▸ Your goal:
In the records below, repeat word for word only the lines starting at the one that contains "Fra Yu Yuan Gardens i Shanghai" and ending at the one that contains "Подарки для эвакуированных", pictures excluded.

▸ Input for this task:
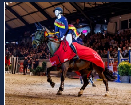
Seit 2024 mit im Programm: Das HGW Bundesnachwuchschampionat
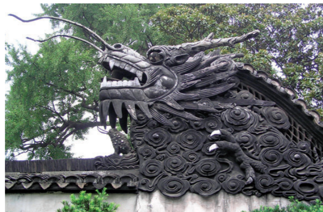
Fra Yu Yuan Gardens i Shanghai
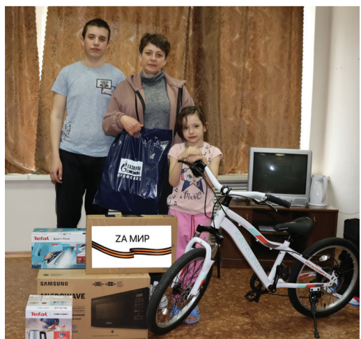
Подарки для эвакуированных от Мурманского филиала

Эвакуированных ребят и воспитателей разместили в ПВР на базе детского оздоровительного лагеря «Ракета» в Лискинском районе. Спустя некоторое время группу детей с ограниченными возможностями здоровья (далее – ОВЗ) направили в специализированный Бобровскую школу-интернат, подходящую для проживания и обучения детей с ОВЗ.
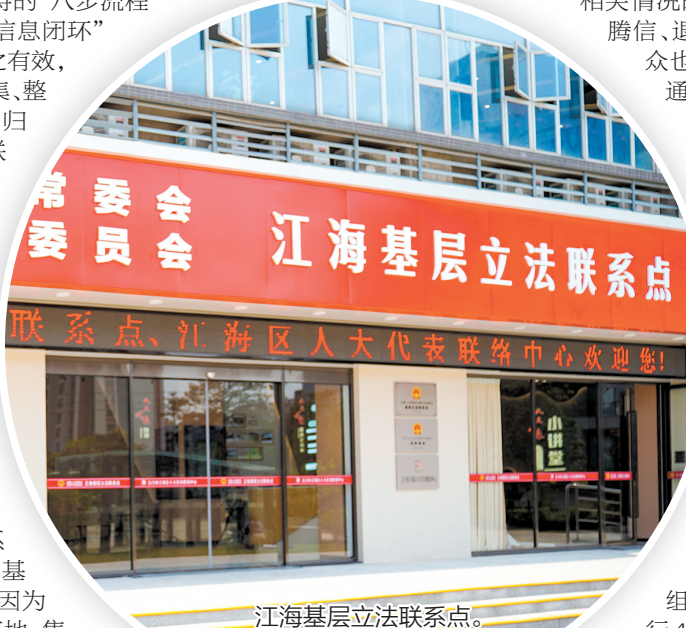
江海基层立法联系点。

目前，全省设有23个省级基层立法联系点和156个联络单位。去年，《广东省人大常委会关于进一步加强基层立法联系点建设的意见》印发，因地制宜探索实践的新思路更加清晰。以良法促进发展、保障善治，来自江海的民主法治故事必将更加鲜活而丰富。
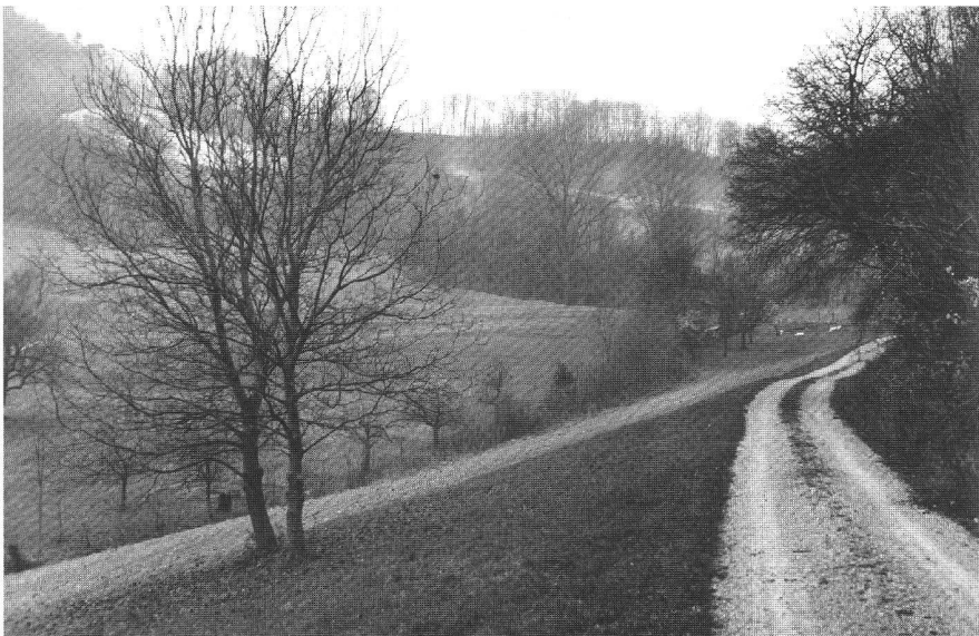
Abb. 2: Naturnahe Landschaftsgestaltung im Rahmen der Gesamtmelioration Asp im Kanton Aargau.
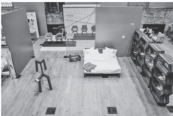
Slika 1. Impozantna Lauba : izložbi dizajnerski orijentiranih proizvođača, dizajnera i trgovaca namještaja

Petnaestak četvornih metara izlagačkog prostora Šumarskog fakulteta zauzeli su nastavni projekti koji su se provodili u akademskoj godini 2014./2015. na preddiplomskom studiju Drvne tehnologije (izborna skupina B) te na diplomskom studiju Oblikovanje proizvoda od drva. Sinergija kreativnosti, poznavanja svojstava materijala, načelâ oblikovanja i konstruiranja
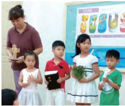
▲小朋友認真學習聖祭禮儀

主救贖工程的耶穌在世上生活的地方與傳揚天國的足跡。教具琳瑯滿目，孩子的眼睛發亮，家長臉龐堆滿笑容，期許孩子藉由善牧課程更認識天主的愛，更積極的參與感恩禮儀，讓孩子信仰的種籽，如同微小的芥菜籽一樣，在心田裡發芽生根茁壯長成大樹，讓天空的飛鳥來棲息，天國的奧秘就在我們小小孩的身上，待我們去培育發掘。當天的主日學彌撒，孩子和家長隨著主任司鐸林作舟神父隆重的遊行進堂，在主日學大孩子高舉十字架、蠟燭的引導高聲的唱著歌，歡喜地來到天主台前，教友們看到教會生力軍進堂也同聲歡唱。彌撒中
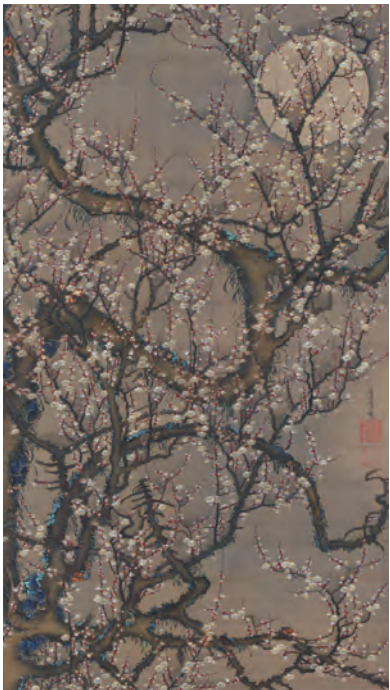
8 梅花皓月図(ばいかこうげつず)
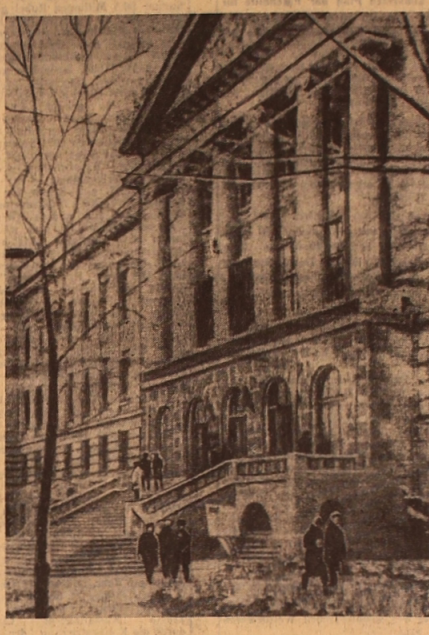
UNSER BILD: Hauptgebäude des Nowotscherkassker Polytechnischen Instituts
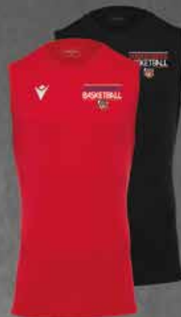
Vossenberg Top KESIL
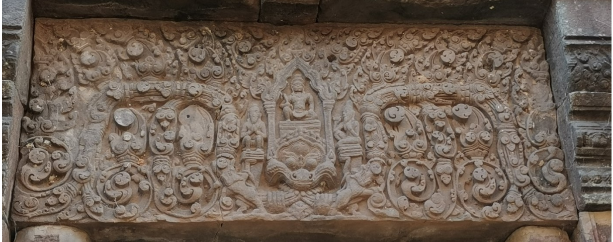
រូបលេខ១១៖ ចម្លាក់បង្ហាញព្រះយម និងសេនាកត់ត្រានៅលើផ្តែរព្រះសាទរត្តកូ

▸ The completed task:
Fra Yu Yuan Gardens i Shanghai
Подарки для эвакуированных от Мурманского филиала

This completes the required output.